FastaBuff encoding

eccLib.FastaBuff is a class wrapping around a memory buffer that holds a sequence of nucleotides. Thanks to it’s unique encoding scheme utilized on runtime, it provides efficient storage and retrieval of nucleotide sequences. To put it simply: instead of storing sequences as characters in a string, uses a mapping that maps characters to 4 bit integers, which when packed together, allow for memory usage reduction of 50%.

IUPAC Nucleotide Codes

IUPAC specifies a set of nucleotide codes that should be used to represent nucleotides, and combinations or ambiguities in sequences. There are 17 possible codes laid out in the table below.

IUPAC Nucleotide Codes source

Code

Meaning

Equivalent sybmols

A

Adenine

{A}

C

Cytosine

{C}

G

Guanine

{G}

T

Thymine

{T}

U

Uracil

{U}

R

Purine

{A, G}

Y

Pyrimidine

{C, T}

S

Guanine or Cytosine

{C, G}

W

Adenine or Thymine

{A, T}

K

Guanine or Thymine

{T, G}

M

Adenine or Cytosine

{A, C}

B

Not Adenine

{C, G, T}

D

Not Cytosine

{A, G, T}

H

Not Guanine

{A, C, T}

V

Not Thymine

{A, C, G}

N

Any

{A, C, G, T}

. or -

Gap

{}

In the second column, you can see a set of equivalent possible symbols. It’s worth noting, that if we store information, whether the sequence is DNA or RNA, the number of these symbols can be reduced to 16 (as is actually recommended). It just so happens, that 16 is a power of 2, fourth power to be exact. This means that we can represent each IUPAC symbol using a 4 bit integer, assuming we store whether the sequence is DNA or RNA separately of course.

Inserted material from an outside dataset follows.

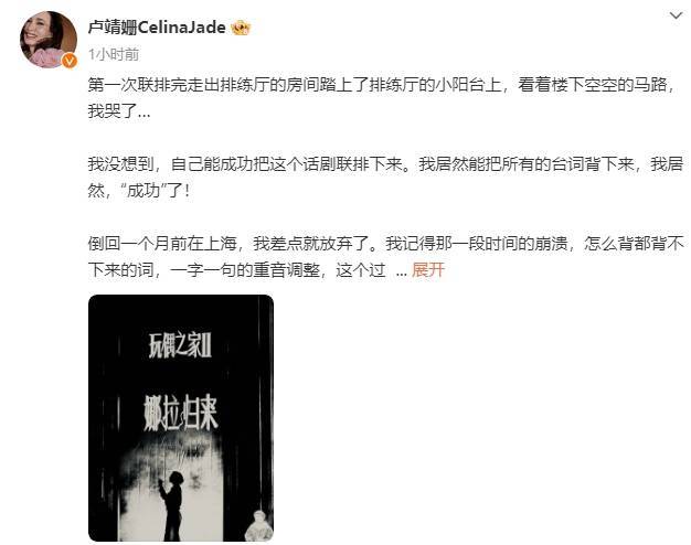 卢靖姗发长文透露排话剧曾崩溃 感谢章子怡选择她

Mapping symbols to numbers

Well but how do we construct such a mapping? In the second column of the table above, we already have a mapping of IUPAC symbols to the power set of {A, C, G, T}. Now we just need to map that power set, to 4 bit binary numbers. We chose to do it through a bit field, where each bit represents a nucleotide. The first bit represents Adenine (A), the second bit represents Cytosine (C), the third bit represents Guanine (G), and the fourth bit represents Thymine (T).

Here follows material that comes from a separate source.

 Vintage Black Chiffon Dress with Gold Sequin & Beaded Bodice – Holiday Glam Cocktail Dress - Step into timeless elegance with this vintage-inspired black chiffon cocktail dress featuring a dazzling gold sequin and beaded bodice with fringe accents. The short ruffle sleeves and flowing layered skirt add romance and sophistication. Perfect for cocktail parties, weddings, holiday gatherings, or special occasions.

Mapping IUPAC symbols to 4 bit binary numbers

Symbol

Binary

Hex

. or -

0000

0x00

T or U

0001

0x01

G

0010

0x02

K

0011

0x03

C

0100

0x04

Y

0101

0x05

S

0110

0x06

B

0111

0x07

A

1000

0x08

W

1001

0x09

R

1010

0x0A

D

1011

0x0B

M

1100

0x0C

H

1101

0x0D

V

1110

0x0E

N

1111

0x0F

This mapping is then used on runtime when creating or accessing FastaBuff objects, or FASTA parsing when binary parsing is toggled.

Advantages

Naturally this mapping on itself doesn’t achieve much, but this mapping does allow for packing two characters into a single byte. Such a packing has the advantage, of reducing memory usage by half, and indexing within the buffer is trivial, unlike with a 5 bit packed buffer. Additionally, during debugging, a reading the buffer is trivial and can be done with a simple hexdump. For example 0x8421 stands for ‘ACGT’.

Serialisation

All FastaBuff objects can be easily serialised through the eccLib.FastaBuff.dump() method. That method returns a :py:type:`bytes` object, which can be written to a file opened in binary mode.

fasta_buffer = FastaBuff('ACGT')

with open('output.fb', 'wb') as f:
    f.write(fasta_buffer.dump())

This opens the door for this encoding to be used for long term storage, though ideally you should consider compressing this data.